● **The task**
Drop every image, then reproduce the data exactly as given.
─── Material provided
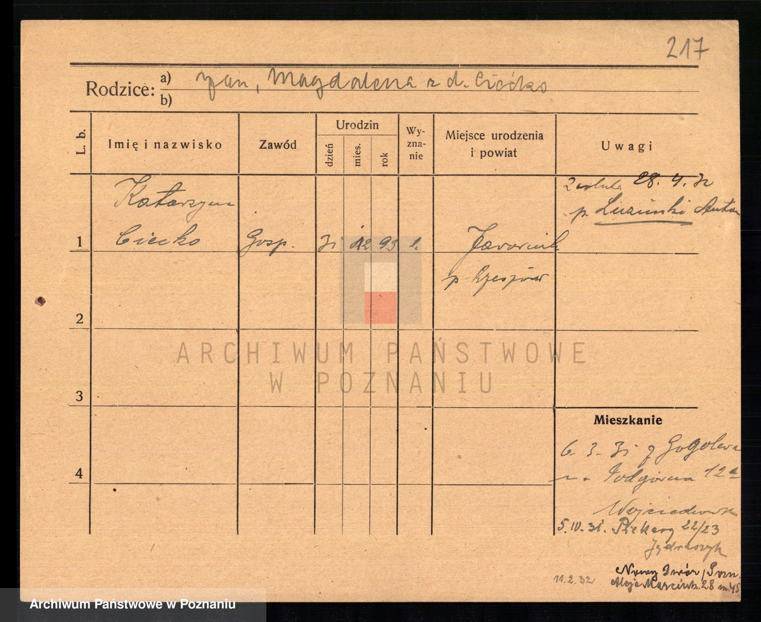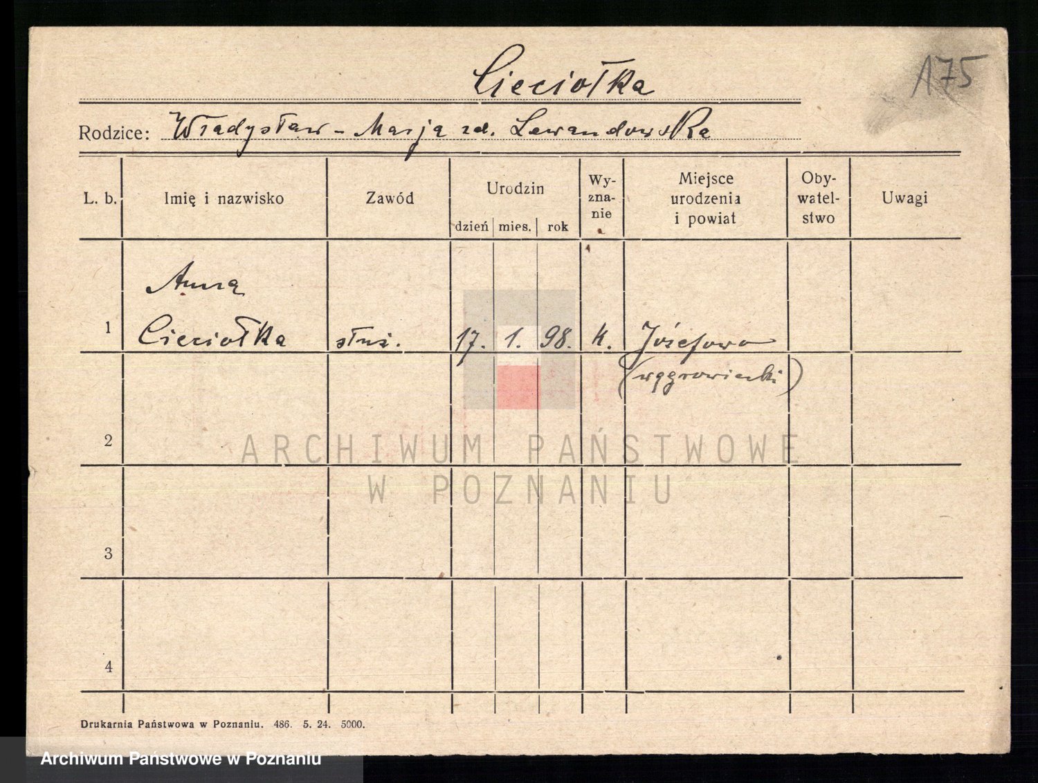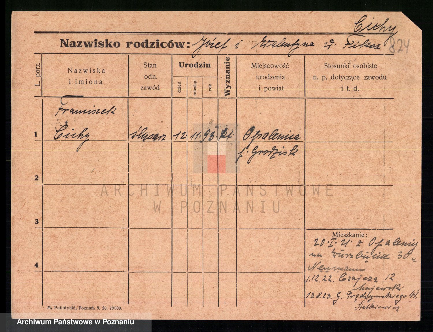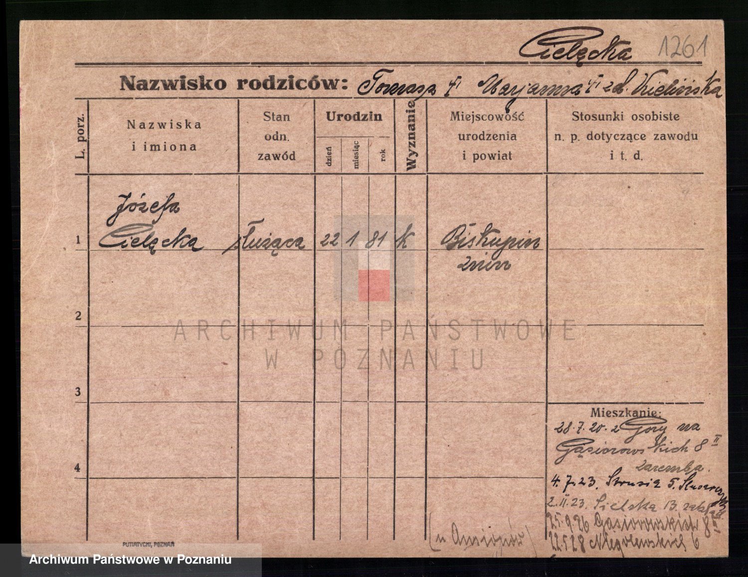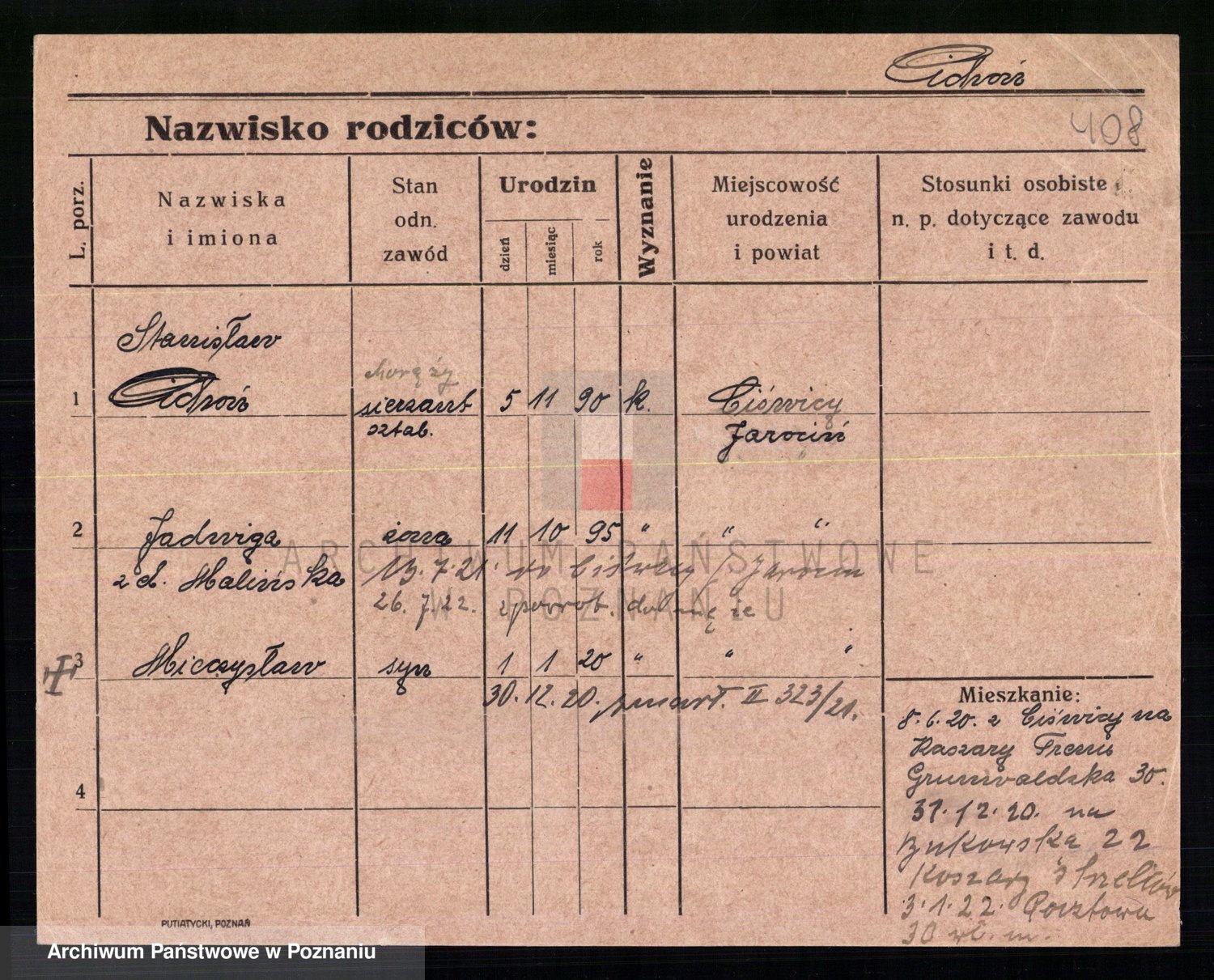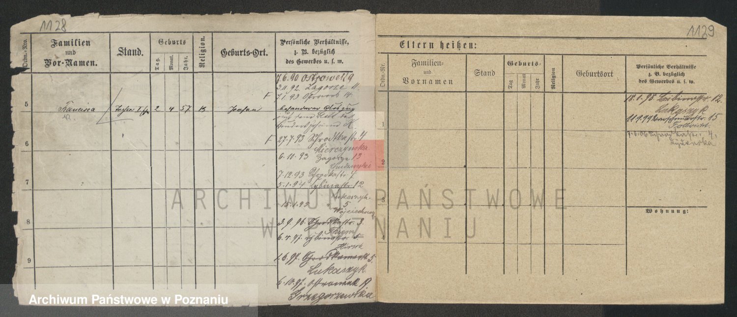 Podgląd karty osobowej dostępny jest po kliknięciu na nazwisko lub ikonkę karty. Można dokonywać powiększenia (ikony na górze) lub przechodzić między kolejnymi skanami (strzałki po bokach).
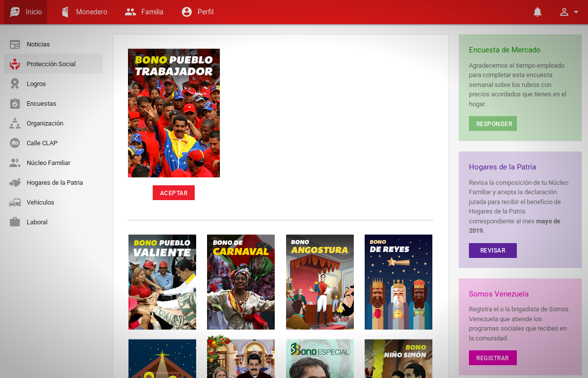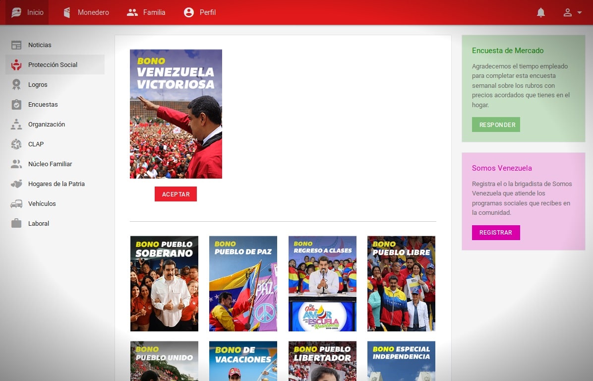 Algunos de los bonos de Vicesocial activados a través del Carnet de la Patria son:
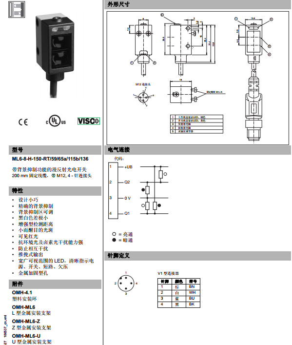 ML6-8-H-150-RT/59/65a/115b/136,漫反射型传感器
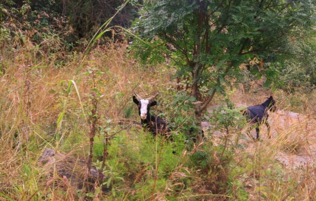 藏匿于草丛的黑山羊
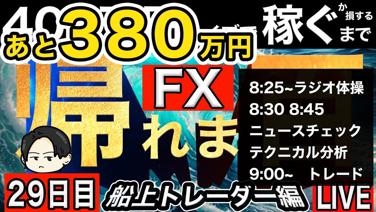 朝は体操、ニュースチェック、テクニカル分析~通常であればトレード。FXライブ配信…
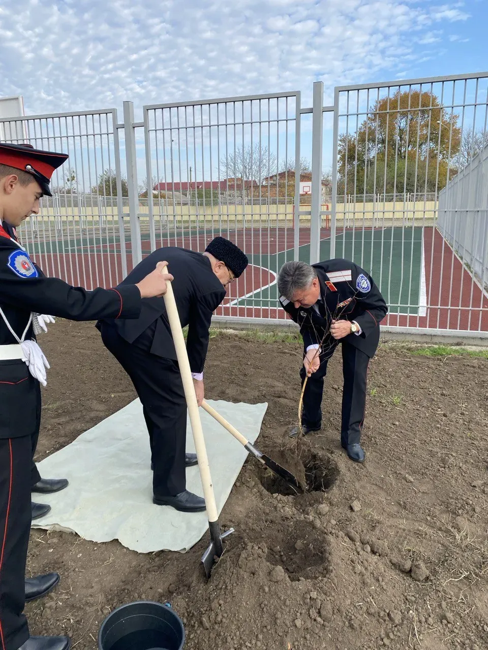 Алексей Езубов и Юрий Ханин с кадетами высадили молодые деревца по периметру аллеи. Горькая, но добрая память о геройски погибших земляках, воплотившаяся в этом памятном месте, станет долгие годы воспитывать поколения юных казаков.
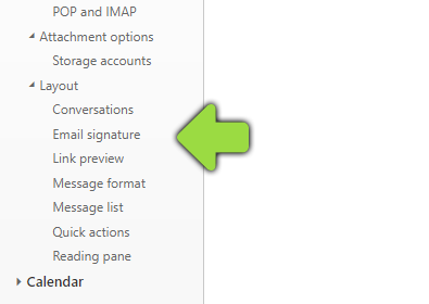 ... and then select "E-mail signature" in the left column.
──────
● **Task result**
 Podgląd karty osobowej dostępny jest po kliknięciu na nazwisko lub ikonkę karty. Można dokonywać powiększenia (ikony na górze) lub przechodzić między kolejnymi skanami (strzałki po bokach).
 Algunos de los bonos de Vicesocial activados a través del Carnet de la Patria son:
 ML6-8-H-150-RT/59/65a/115b/136,漫反射型传感器
 藏匿于草丛的黑山羊
 朝は体操、ニュースチェック、テクニカル分析~通常であればトレード。FXライブ配信…
 Алексей Езубов и Юрий Ханин с кадетами высадили молодые деревца по периметру аллеи. Горькая, но добрая память о геройски погибших земляках, воплотившаяся в этом памятном месте, станет долгие годы воспитывать поколения юных казаков.
 ... and then select "E-mail signature" in the left column.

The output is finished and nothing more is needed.